BEGIN RECORDS FOR THIS TASK

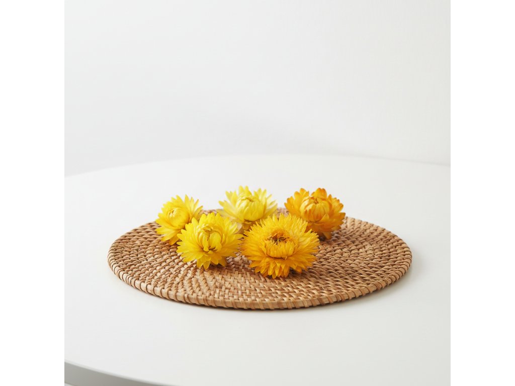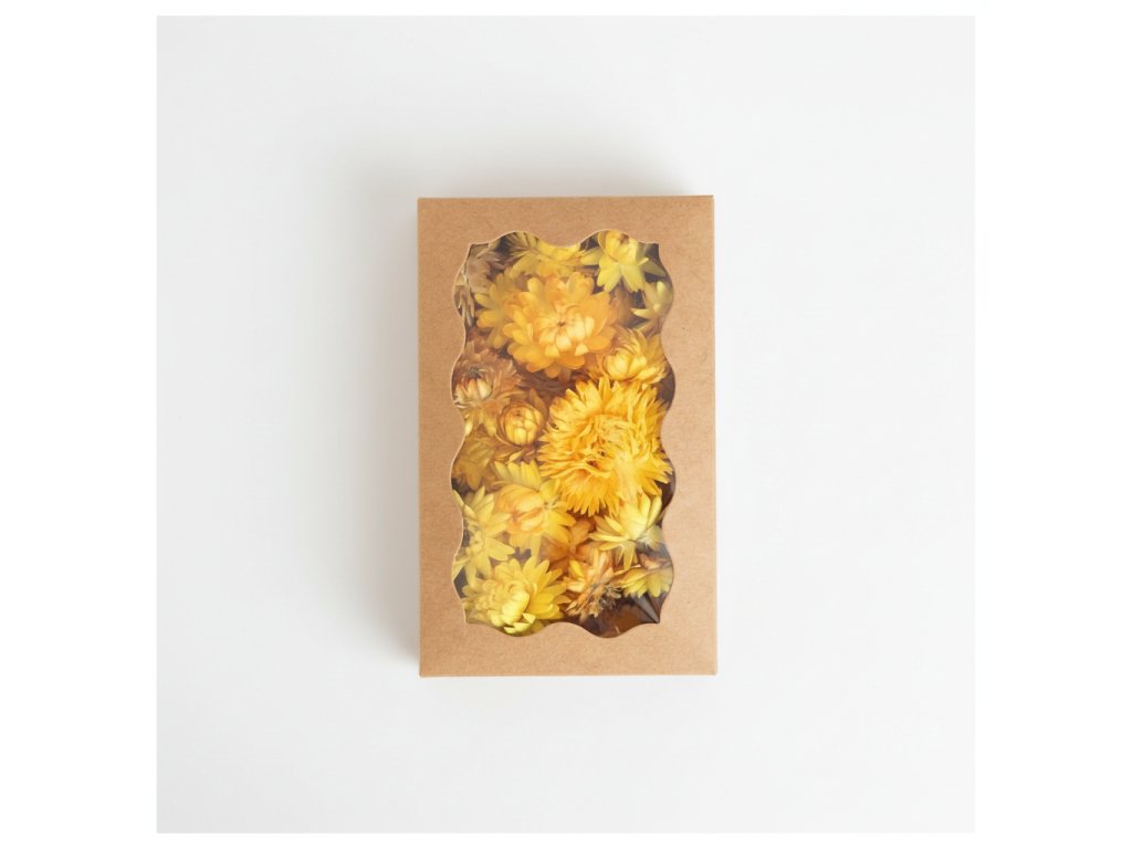 Žlutá slaměnka je oblíbená sušená květina, která dodá dekoracím příjemně teplý a přirozený tón. Různě velké květy vytvářejí zajímavý a harmonický celek, díky čemuž se hodí do jednoduchých i bohatších aranžmá.
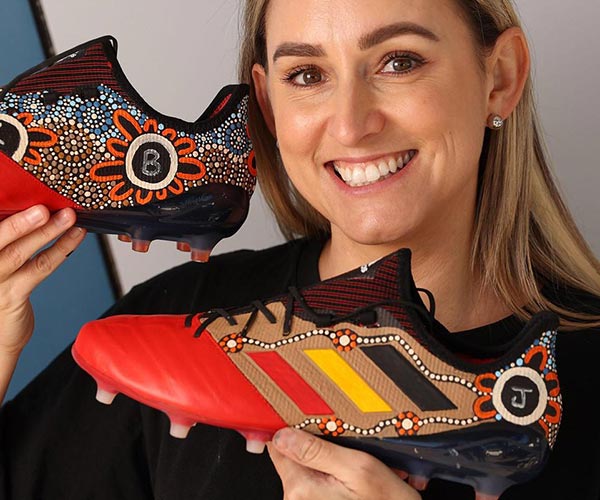 Read moreRee has developed a niche painting unique football boots with stunning Indigenous designs. She painted 13 pairs of boots for Hawthorn AFL club’s leadership team and has also done work for the West Coast Eagles AFLW team.
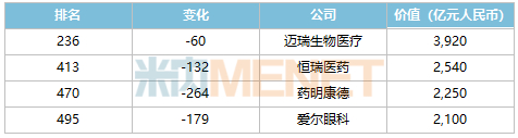 12月9日胡润世界500强对外发布,中国排数量第二,有35家公司上榜。医疗健康排行业第三,共有52家企业上榜。具体来看,强生以32190亿元排在总榜单的第八位,也是医疗健康行业价值最高的公司;中国企业方面,迈瑞生物医疗排在236位,恒瑞医药、药明康德、爱尔眼科排在400位以后。值得关注的是,药明生物、智飞生物今年落榜了,2021年的排名分别是204位、381位。(胡润百富官网)
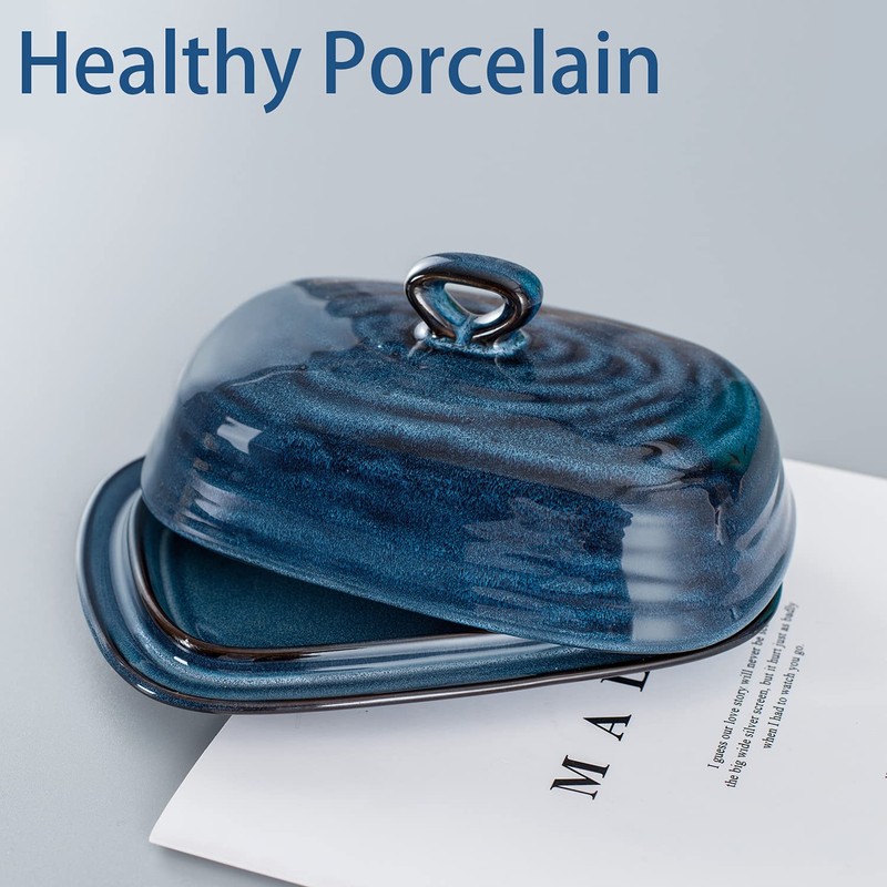 • High Quality Material: Our butter dish is made of durable porcelain. The porcelain is lead-free and chip-resistant. Our butter container is durable and can be used frequently in microwaves, refrigerators and dishwashers.
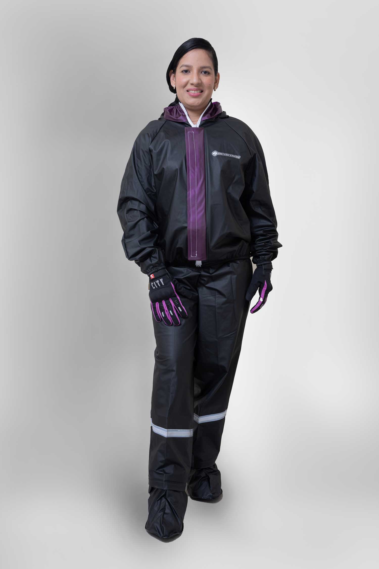 Este conjunto está sellado con cuidado para evitar filtraciones, está fabricado con costuras reforzadas en cremalleras y solapas para que tengas una protección completa contra la lluvia.
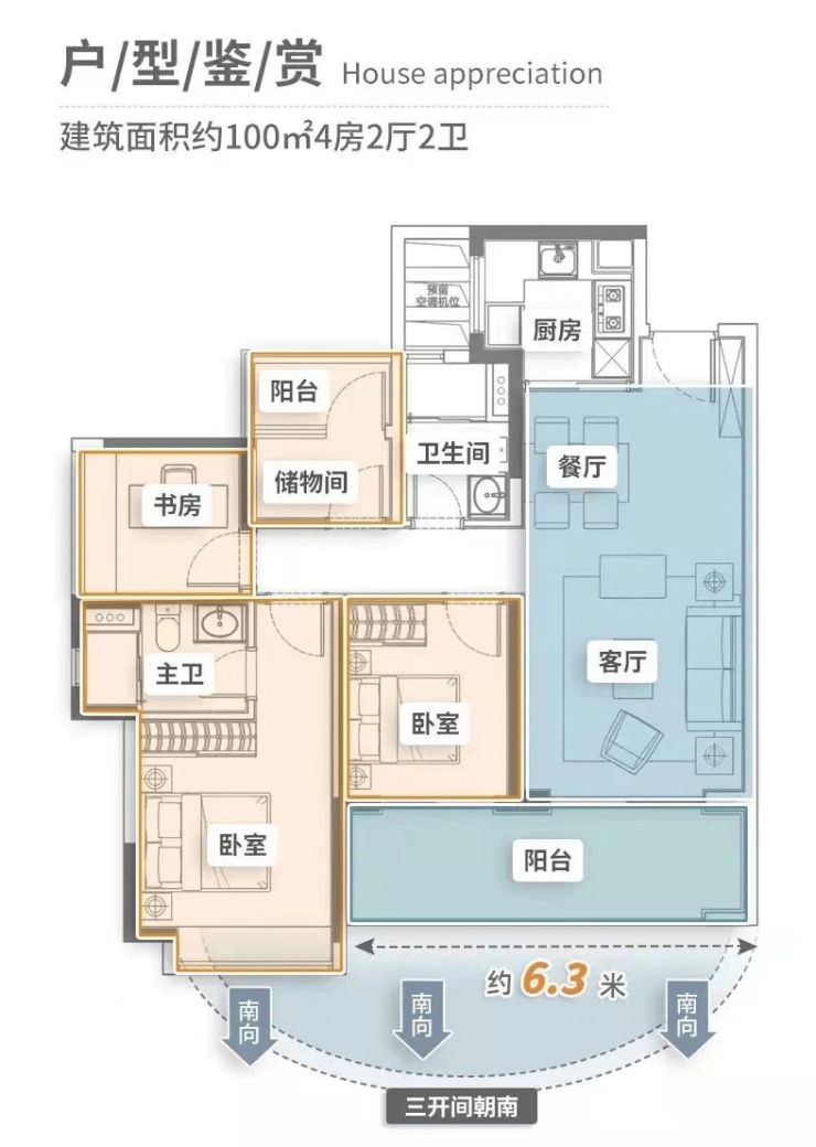 据了解,项目目前主推建筑面积约100-140㎡四房,使用率高达89%,这样的使用率吊打板块不少项目。此外,每个户型均设计有一个超6米的宽境阳台和一个生活阳台,超三米主卧开间,很好地平衡了景观面,兼具采光、观景、通风等功能。

END RECORDS FOR THIS TASK

**TASK DIRECTIONS:** If an entry contains an image, skip the image and return the rest of the listing unchanged.

**EXERCISE SOLUTION:**
 Žlutá slaměnka je oblíbená sušená květina, která dodá dekoracím příjemně teplý a přirozený tón. Různě velké květy vytvářejí zajímavý a harmonický celek, díky čemuž se hodí do jednoduchých i bohatších aranžmá.
 Read moreRee has developed a niche painting unique football boots with stunning Indigenous designs. She painted 13 pairs of boots for Hawthorn AFL club’s leadership team and has also done work for the West Coast Eagles AFLW team.
 12月9日胡润世界500强对外发布,中国排数量第二,有35家公司上榜。医疗健康排行业第三,共有52家企业上榜。具体来看,强生以32190亿元排在总榜单的第八位,也是医疗健康行业价值最高的公司;中国企业方面,迈瑞生物医疗排在236位,恒瑞医药、药明康德、爱尔眼科排在400位以后。值得关注的是,药明生物、智飞生物今年落榜了,2021年的排名分别是204位、381位。(胡润百富官网)
 • High Quality Material: Our butter dish is made of durable porcelain. The porcelain is lead-free and chip-resistant. Our butter container is durable and can be used frequently in microwaves, refrigerators and dishwashers.
 Este conjunto está sellado con cuidado para evitar filtraciones, está fabricado con costuras reforzadas en cremalleras y solapas para que tengas una protección completa contra la lluvia.
 据了解,项目目前主推建筑面积约100-140㎡四房,使用率高达89%,这样的使用率吊打板块不少项目。此外,每个户型均设计有一个超6米的宽境阳台和一个生活阳台,超三米主卧开间,很好地平衡了景观面,兼具采光、观景、通风等功能。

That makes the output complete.